**AIM OF THE EXERCISE**
No pictures, no extra lines: copy exactly from the line with "CY1R-63*450,CY" through the end of the entries.

(Collected data entries)
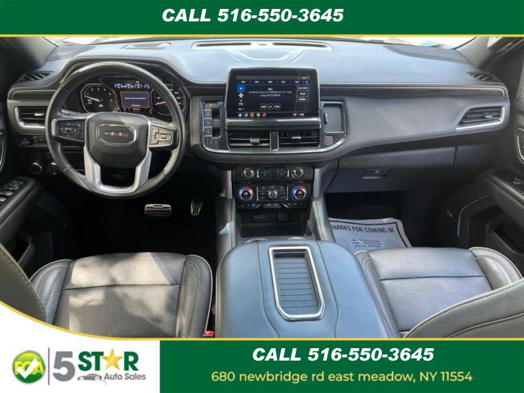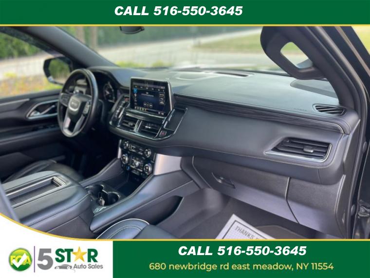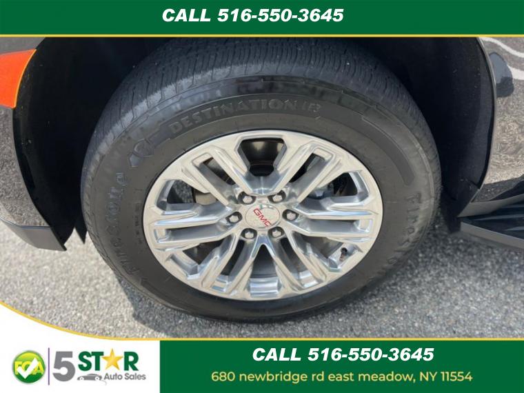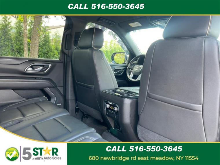10-Speed A/T, ABS, 4-Wheel Disc Brakes, 8 Cylinder Engine, A/C, A/T, 3rd Row Seat, Adjustable Steering Wheel, Air Suspension, Security System, AM/FM Stereo, Automatic Highbeams, Auxiliary Audio Input, Back-Up Camera, Blind Spot Monitor, Brake Assist, Bucket Seats, Climate Control, Cooled Front Seat(s), Cross-Traffic Alert, Cruise Control, Daytime Running Lights, Driver Air Bag, Driver Illuminated Vanity Mirror, Driver Adjustable Lumbar, Driver Restriction Features, Driver Vanity Mirror, Multi-Zone A/C, Auto-Dimming Rearview Mirror, Stability Control, Fog Lamps, Four Wheel Drive, Front Collision Mitigation, Front Collision Warning, Floor Mats, Conventional Spare Tire, Gasoline Fuel, HD Radio, Heated Front Seat(s), Heated Mirrors, Intermittent Wipers, Keyless Entry, Keyless Start, Lane Departure Warning, Lane Keeping Assist, Leather Seats, Leather Steering Wheel, Locking/Limited Slip Differential, Luggage Rack, MP3 Player, Telematics, Pass-Through Rear Seat, Passenger Air Bag, Passenger Air Bag Sensor, Passenger Illuminated Visor Mirror, Passenger Adjustable Lumbar, Passenger Vanity Mirror, Power Door Locks, Power Mirror(s), Power Driver Seat, Power Liftgate, Power Passenger Seat, Power Steering, Power Windows, Premium Sound System, Privacy Glass, Rain Sensing Wipers, Rear A/C, Rear Defrost, Rear Head Air Bag, Rear Parking Aid, Remote Engine Start, Remote Trunk Release, Requires Subscription, Running Boards/Side Steps, Satellite Radio, Seat Memory, Front Side Air Bag, Front Head Air Bag, Smart Device Integration, Steering Wheel Audio Controls, Tire Pressure Monitor, Traction Control, Tow Hitch, Universal Garage Door Opener, Variable Speed Intermittent Wipers, WiFi Hotspot, Bluetooth Connection, Active Aero Shutters, upper (Standard with (L84) 5.3L EcoTec3 V8 engine only.), Assist steps, Black with Gloss Black insert, Fascia, front, Fog lamps, front LED, Glass, acoustic, laminated windshield, Glass, deep-tinted, Glass, driver and front passenger laminated front door window, Glass, windshield shade band, Headlamps, LED, Lamps, stop and tail, LED, Liftgate, rear power programmable hands-free with GMC logo projection, Luggage rack side rails, roof-mounted, bright, Mirror caps, body-color, Mirrors, outside heated power-adjustable, manual-folding, body-color, Moldings, bright chrome bodyside, Tire carrier, lockable outside spare winch-type mounted under frame at rear, Tire, spare P265/70R17 all-season, blackwall, Tires, 275/60R20SL all-season, blackwall, Wheel, full-size spare, 17" (43.2 cm) steel, Wheels, 20" x 9" (50.8 cm x 22.9 cm) 6-spoke polished aluminum, Wiper, rear intermittent, Wipers, front intermittent, Rainsense, Air conditioning, rear, Air conditioning, tri-zone automatic climate control with individual climate settings for driver, right front passenger and rear seat occupants, Assist handles, front passenger A-pillar and second row outboard B-pillar, Assist handles, overhead, driver and front passenger, located in headliner, Console, floor with storage area, cup holders, Cruise control, electronic with set and resume speed, Defogger, rear-window electric, Door handles, chrome with body-color strip, Door locks, power programmable with lockout protection, Driver Information Center, enhanced, 8" diagonal multi-color digital display includes analog speedometer and tachometer gauges, Floor covering, color-keyed carpeting, Floor mats, color-keyed carpeted first and second row, removable, Following Distance Indicator, GMC Connected Access capable (Subject to terms. See onstar.com or dealer for details.), Keyless Open, includes extended range Remote Keyless Entry, Lighting, interior with dome light driver- and passenger-side door switch with delayed entry feature, cargo lights, door handle or Remote Keyless Entry-activated illuminated entry and map lights in front and second seat positions, Memory settings, recalls 2 "driver" presets for power driver seat, Mirror, inside rearview auto-dimming, Power outlet, front auxiliary, 12-volt, located in the center stack of instrument panel, Power outlets, 2, 120-volt located on the rear of the center console and rear cargo area, Remote Start, Safety Alert Seat, Seat adjusters, 12-way power includes 8-way power driver and front passenger seats with 4-way power lumbar, Seat trim, Leather-appointed, Seats, front bucket, Seats, heated and ventilated driver and front passenger perforated leather seating surfaces., Seats, heated driver and front passenger, Seats, second row 60/40 split-folding bench, manual-folding, Seats, third row 60/40 split-folding bench, manual, Sill plates, bright, front and rear doors, Steering column, manual tilt and telescopic, Steering wheel controls mounted audio, Driver Information Center, cruise control, Forward Collision Alert following gap button and heated steering wheel (when equipped), Steering wheel, leather-wrapped, Theft-deterrent system, electrical, unauthorized entry, Universal Home Remote includes garage door opener, programmable, USB charging-only ports, 4, (2) located on rear of center console and (2) in 3rd row, USB data ports, 2, one type-A and one type-C includes SD Card Reader, located within front center console (When (DCH) power-sliding center console is ordered, relocated within instrument panel.), USB data ports, 2, one type-A and one type-C, located within center console (Deleted when (DCH) power-sliding center console is ordered.), Visors, driver and front passenger illuminated vanity mirrors, Window, power with driver Express-Up/Down, Window, power with front passenger Express-Up/Down, Windows, power, rear with Express-Down, Wireless Apple CarPlay/Wireless Android Auto, Wireless charging (Standard on vehicles built before 7-12-2021. Vehicles built on or after 7-12-2021, will have (00C) Not Equipped with Wireless Charging which removes Wireless Charging and its content. See dealer for details. The system wirelessly charges one compatible mobile device. Some phones have built-in wireless charging technol
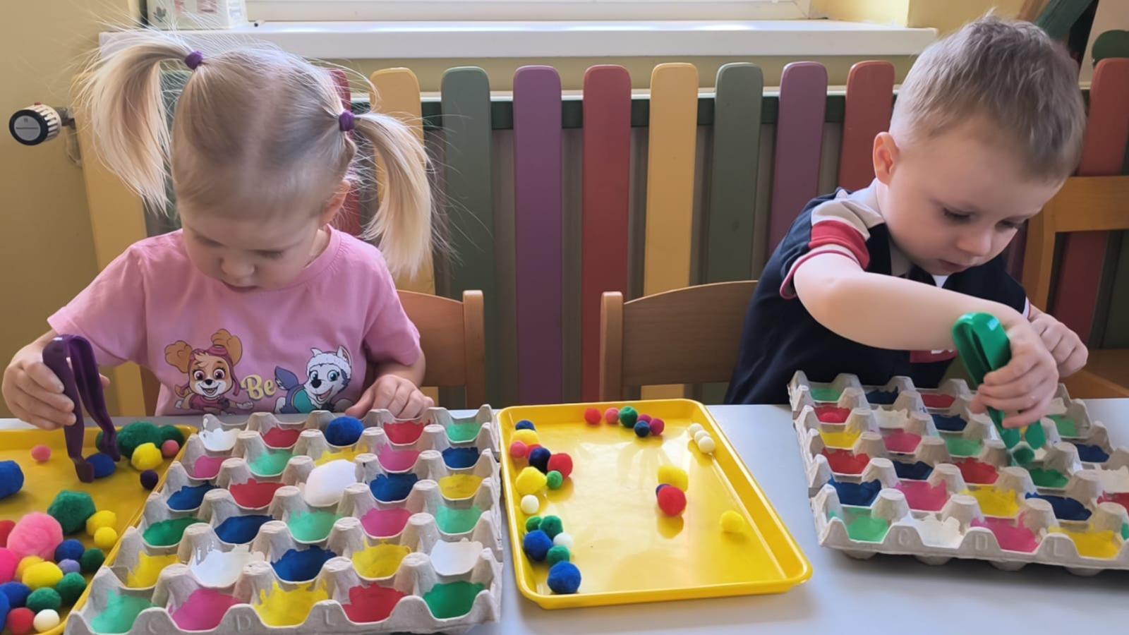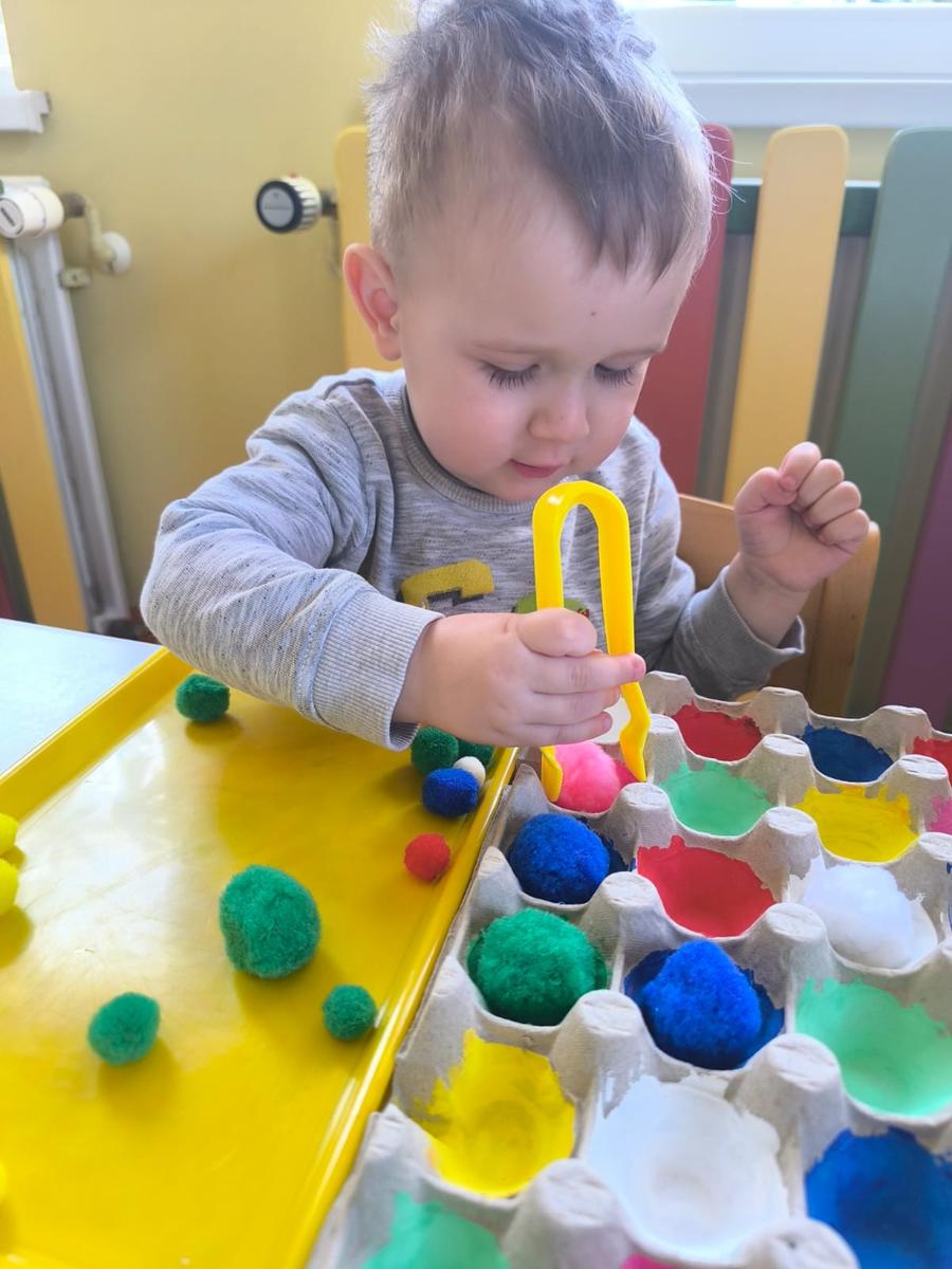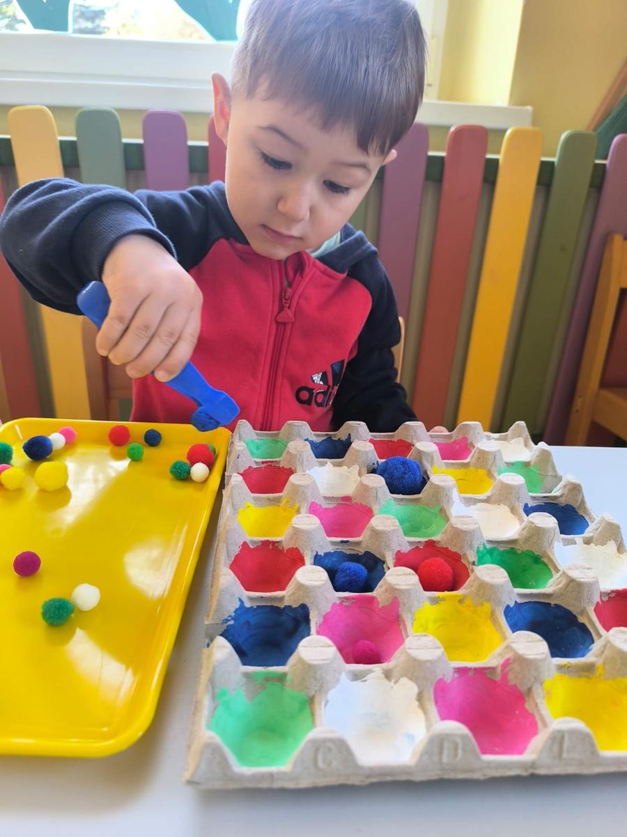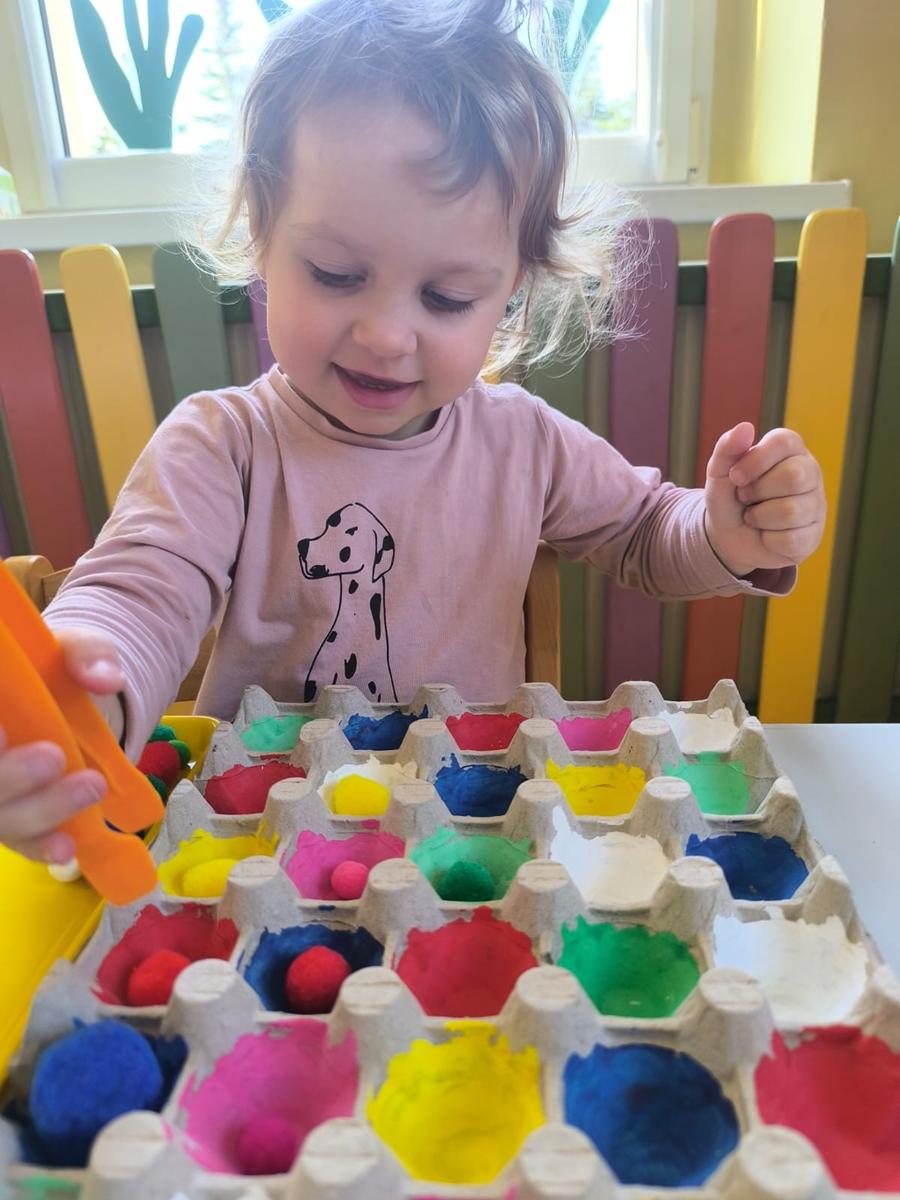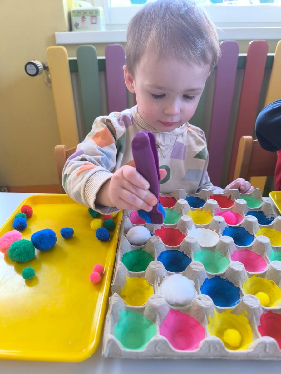 Ćwiczenie motoryki małej, chwyt pęsetowy, logiczne myślenie oraz postrzeganie podobieństw, różnic, a przede wszystkim utrwalenie kolorów. Dla naszych Pszczółek nie ma rzeczy niemożliwych .
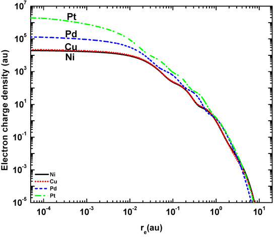 Electron charge density () for Ni (—, black), Cu, red), Pd (−-−-, blue), and Pt, green) as a function of the distance from the nucleus.
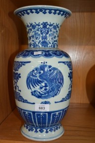 Lot #683 - Chinese blue and white glazed vase with phoenix detail
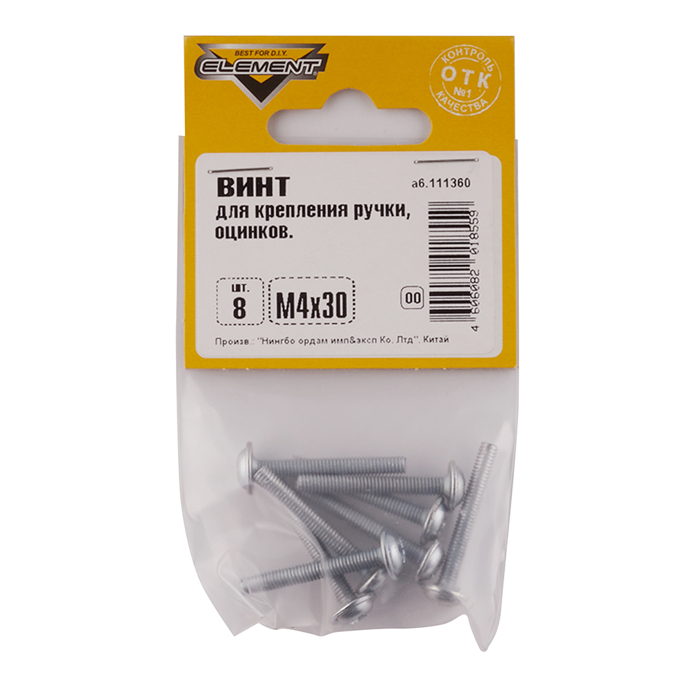 Винт для крепления ручки оцинкованный M4х30 мм полусферическая головка (8 шт.)
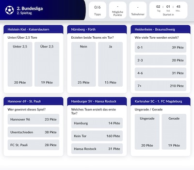 Du hast bis zum Anpfiff des jeweiligen Spieltags die Chance deine Tipps abzugeben, bzw zu bearbeiten. Alle Fragen, die dir gestellt werden, sind Multiple-Choice-Fragen, bei denen du jeweils eine Antwort auswählen musst.
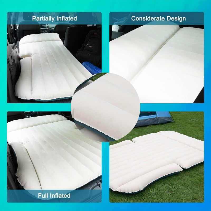 4 segmentos separados para inflar: el colchón de dormir para automóvil está diseñado con una línea oculta en el medio que separa el colchón de dormir del automóvil en 4 segmentos de inflado. Puedes inflar completamente el colchón de dormir para que varias personas lo usen o parcialmente 40 o 60 inflar para una sola persona, lo que mejor se adapte al espacio trasero de tu SUV
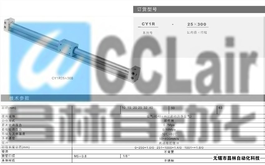 CY1R-63*450,CY1R-63*500,CY1R-63*600,CY1R-63*700,CY1R-63*800,磁耦式無(wú)桿氣缸
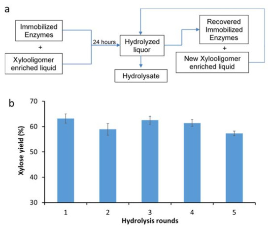 (a) Immobilized xylanase recycling protocol; (b) xylose yield from xylooligomer-enriched pre-treatment liquors over five rounds of recycling immobilized xylanases.
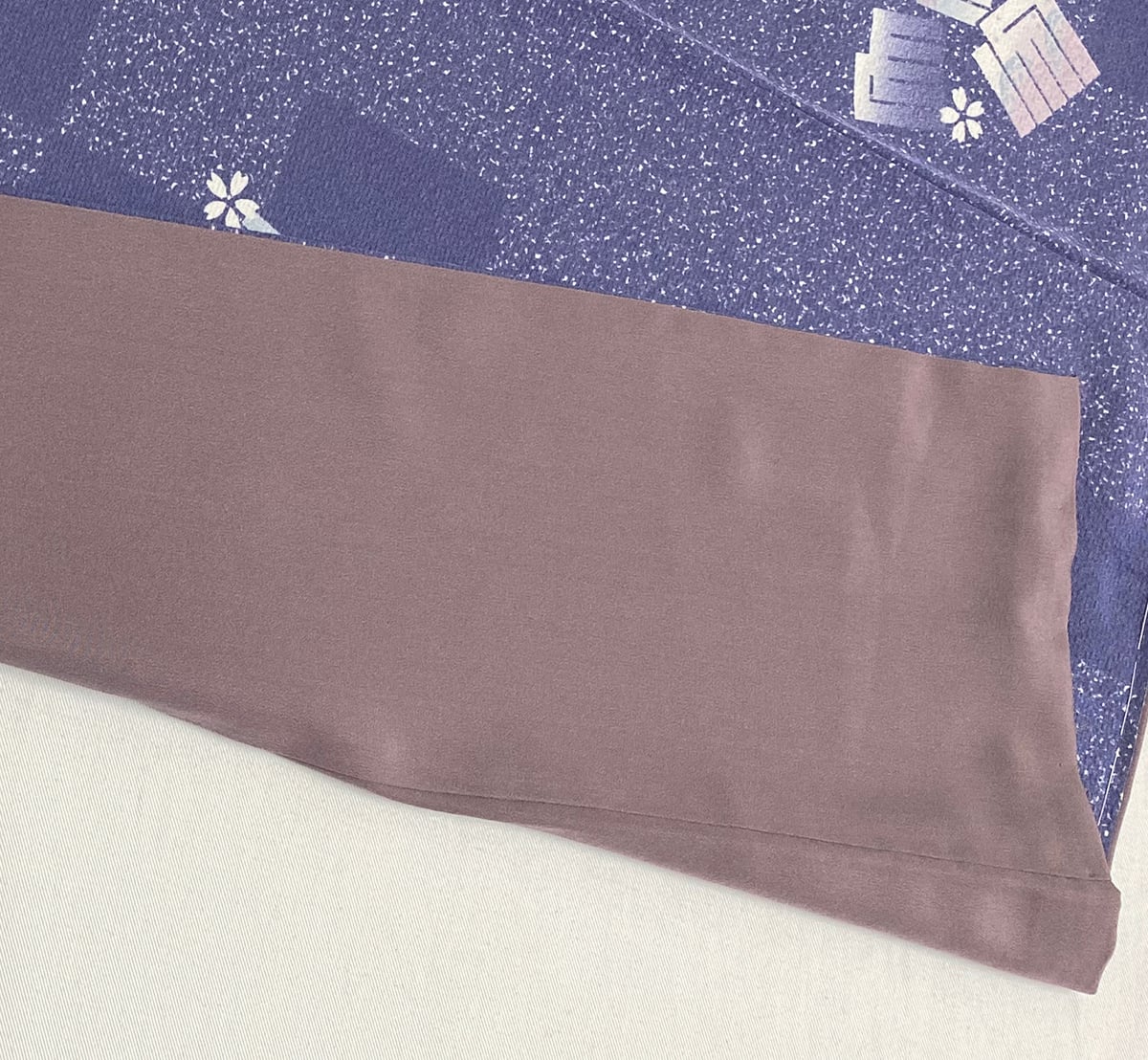 八掛けは正絹ココアブラウン色無地で胴裏は正絹が付いた手縫い仕立て。
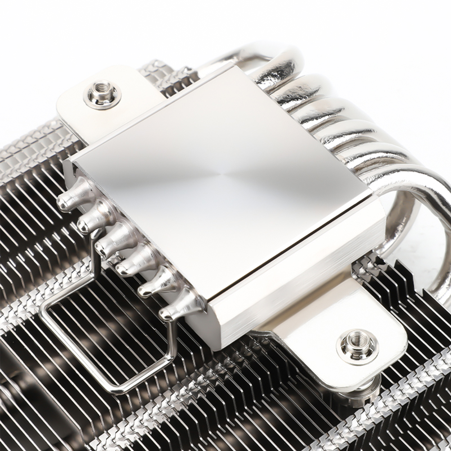 Le Thermalright AXP120-X67 est un ventirad low profile Top Flow pensé pour les configurations où chaque millimètre compte. Dans un boîtier compact, il facilite l’intégration tout en apportant un flux d’air ciblé autour du socket. Sa conception associe une base en cuivre pur C1100 nickelé et 6 heatpipes de 6 mm pour optimiser la dissipation au plus près du processeur.
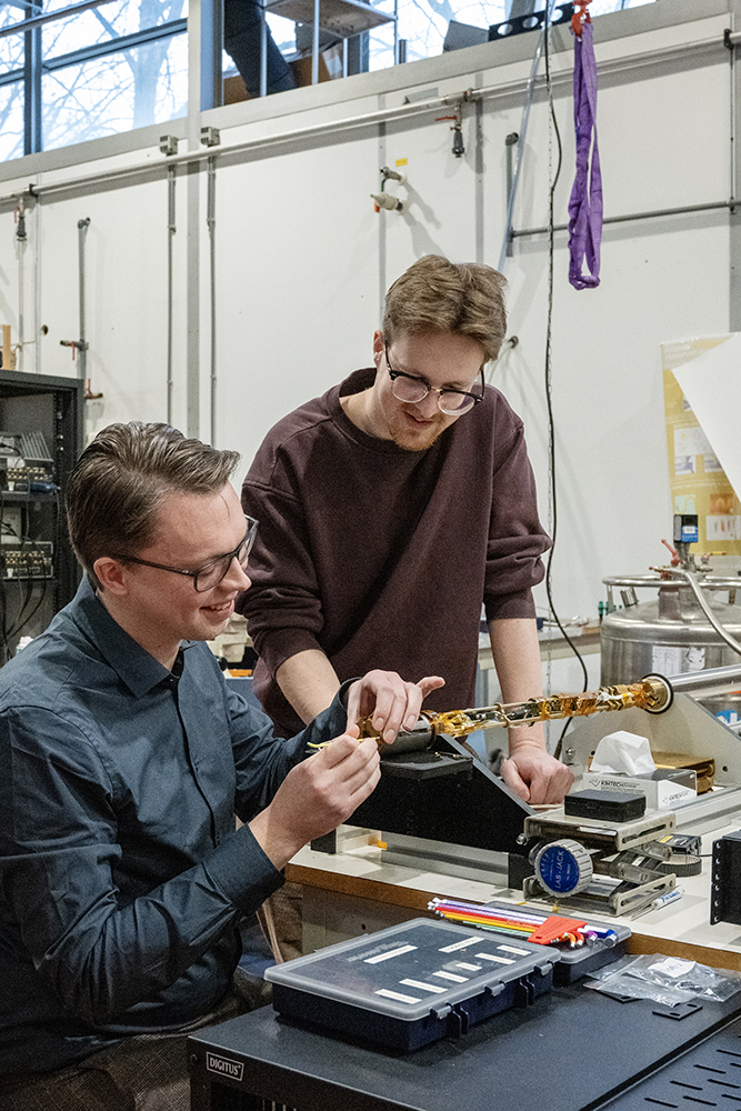 Promovendi Matthijs Rog en Tycho Blom monteren de tip op de microscoop -

**COMPLETED TASK**
 CY1R-63*450,CY1R-63*500,CY1R-63*600,CY1R-63*700,CY1R-63*800,磁耦式無(wú)桿氣缸
 (a) Immobilized xylanase recycling protocol; (b) xylose yield from xylooligomer-enriched pre-treatment liquors over five rounds of recycling immobilized xylanases.
 八掛けは正絹ココアブラウン色無地で胴裏は正絹が付いた手縫い仕立て。
 Le Thermalright AXP120-X67 est un ventirad low profile Top Flow pensé pour les configurations où chaque millimètre compte. Dans un boîtier compact, il facilite l’intégration tout en apportant un flux d’air ciblé autour du socket. Sa conception associe une base en cuivre pur C1100 nickelé et 6 heatpipes de 6 mm pour optimiser la dissipation au plus près du processeur.
 Promovendi Matthijs Rog en Tycho Blom monteren de tip op de microscoop -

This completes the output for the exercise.